The RBI said that entities keen on setting up a pan-India New Umbrella Entity (NUE) for retail payment systems can incorporate a company in India under the Companies Act, 2013. The NUE should have a minimum paid-up capital of ₹500 crore.
Per the RBI’s draft framework for authorisation of NUE, the scope of its activities will include setting up, managing and operating new payment system(s), especially in the retail space. These will consist of but not be limited to ATMs, White Label Point of Sale (PoS); Aadhaar-based payments and remittance services; developing new payment methods, standards and technologies.
Currently, NPCI is the sole umbrella organisation operating retail payments and settlement systems in India. As many as 56 member banks are shareholders in NPCI.
The new umbrella entity’s activities will also include monitoring payments-related issues in the country and internationally and increasing awareness about payment systems.
Capital norms
The NUE cannot have any single promoter/promoter group with more than a 40 per cent share.
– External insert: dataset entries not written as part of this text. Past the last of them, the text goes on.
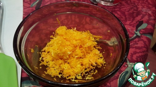 Добавить сок 1го апельсина. Взбить 1 минуту. Добавить цедру апельсина, перемешать.
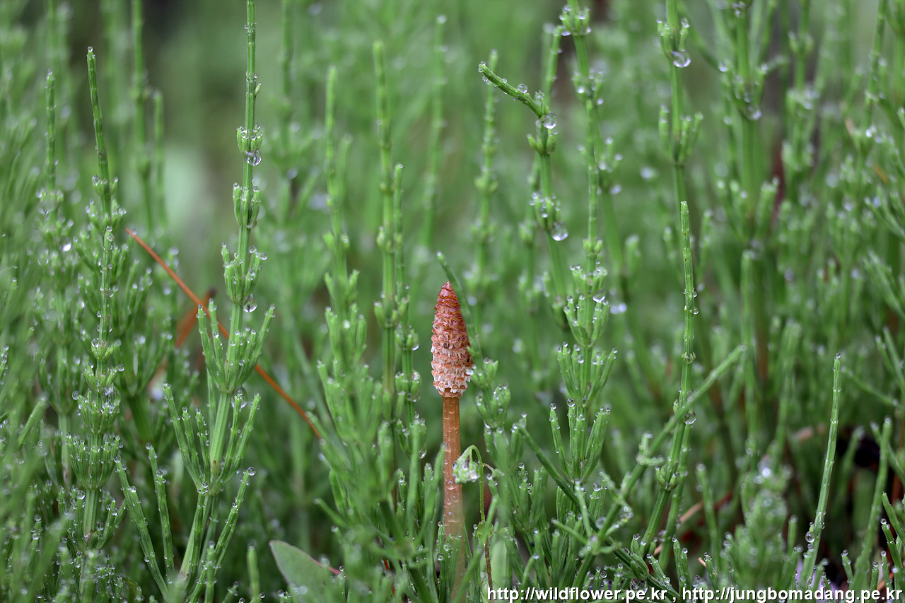 쇠뜨기와 주변에 영양줄기(녹색)
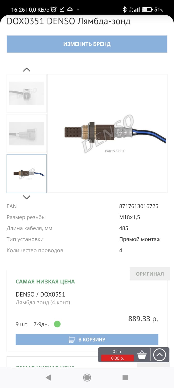 DOX0351, поставил, чек так и не пропал. В сервисе сказали, что сопротивление лямбды 7,7 Ом, говорят либо датчик неисправен, либо неверно подобран, но этот датчик везде идет как замена оригиналу. На форуме писали, что сопротивление должно быть 5,0-6,4 (это для Liana, не знаю насколько справедливы эти параметры для Aerio). Диагност сказал, что раз в мозги зашито сопротивление 5,0-6,4, то при превышении параметров, машина будет выходить в аварийный режим. Какое сопротивление у Denso
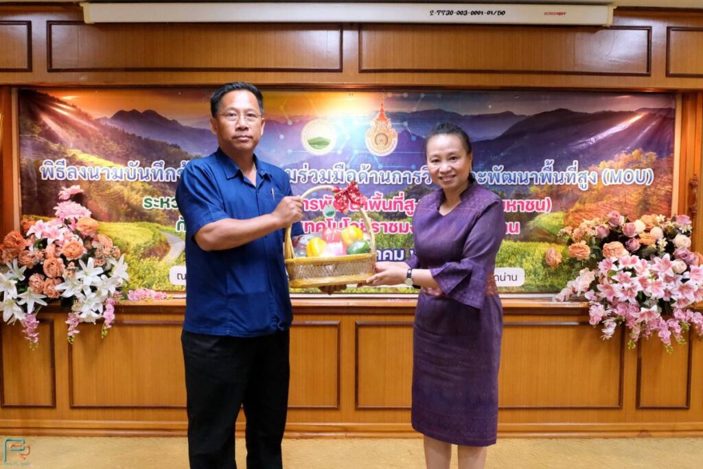 พิธีลงนามได้รับเกียรติจาก นางวิไลวรรณ บุดาสา รองผู้ว่าราชการจังหวัดน่าน เป็นประธานในพิธี พร้อมด้วย นายวิรัตน์ ปราบทุกข์ ผู้อำนวยการสถาบันวิจัยและพัฒนาพื้นที่สูง และ รองศาสตราจารย์วิเชษฐ ทิพย์ประเสริฐ รักษาราชการแทนอธิการบดีมหาวิทยาลัยเทคโนโลยีราชมงคลล้านนา ร่วมลงนามความร่วมมือ โดยมีคณะผู้บริหารและบุคลากรจากทั้งสองหน่วยงานร่วมเป็นสักขีพยานอย่างพร้อมเพรียง ความร่วมมือในครั้งนี้มุ่งเน้นการบูรณาการองค์ความรู้ด้านวิทยาศาสตร์ เทคโนโลยี และนวัตกรรม เพื่อสนับสนุนการพัฒนาในพื้นที่สูงให้เกิดความเข้มแข็ง ยั่งยืน และสามารถถ่ายทอดต่อไปยังประชาชนในชุมชนได้อย่างมีประสิทธิภาพ ทั้งนี้ยังเป็นการส่งเสริมศักยภาพของบุคลากรจากทั้งสองหน่วยงาน และสนับสนุนเป้าหมายการพัฒนาประเทศอย่างยั่งยืน
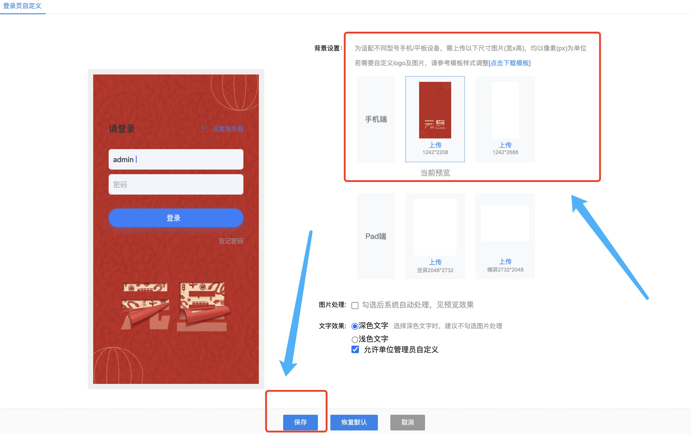 2)上传手机端、Pad端各尺寸适配图片后保存即可。
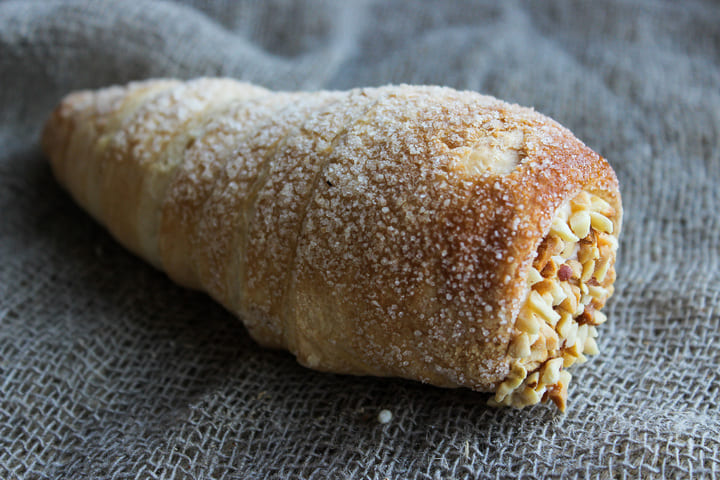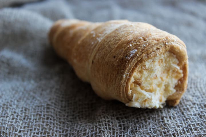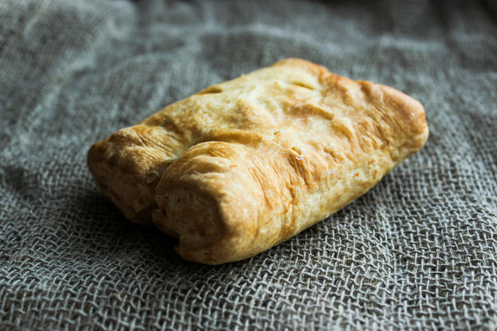 Слоеное тесто, начинка с ветчиной и твёрдым сыром
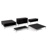 A half-size shelf unit adds versatility as a companion piece for the modular Sofa So Good. In a choice of 6 different finishes, it’s made of oak veneer on a wooden base with the collection’s same polished-aluminum feet. As a display for treasured objets or for keeping necessities close at hand, it can be placed on its own or as an contiguous part of a sofa arrangement.

The promoters should contribute not less than 10 per cent — ₹50 crore — of the capital up front at the time of applying for the NUE licence.
The promoter/promoter group shareholding will be diluted to a minimum of 25 per cent after 5 years of commencement of business by the NUE. A minimum net-worth of ₹300 crore shall be maintained at all times.
Per the draft framework, an entity eligible to apply as promoter/promoter group for the NUE should be ‘owned and controlled by residents’ (as defined in the Foreign Exchange Management Act Regulations) with 3 years’ experience in the payments ecosystem as Payment System Operator (PSO)/Payment Service Provider (PSP)/Technology Service Provider (TSP).
The shareholding pattern should be diversified. Any entity holding more than 25 per cent of the paid-up capital of the NUE will be deemed to be a promoter.
The company may be a ‘for-profit’ or Section 8 company as may be decided by it. Foreign entities are also allowed to hold a stake in such a company as long as it is compliant with FDI rules.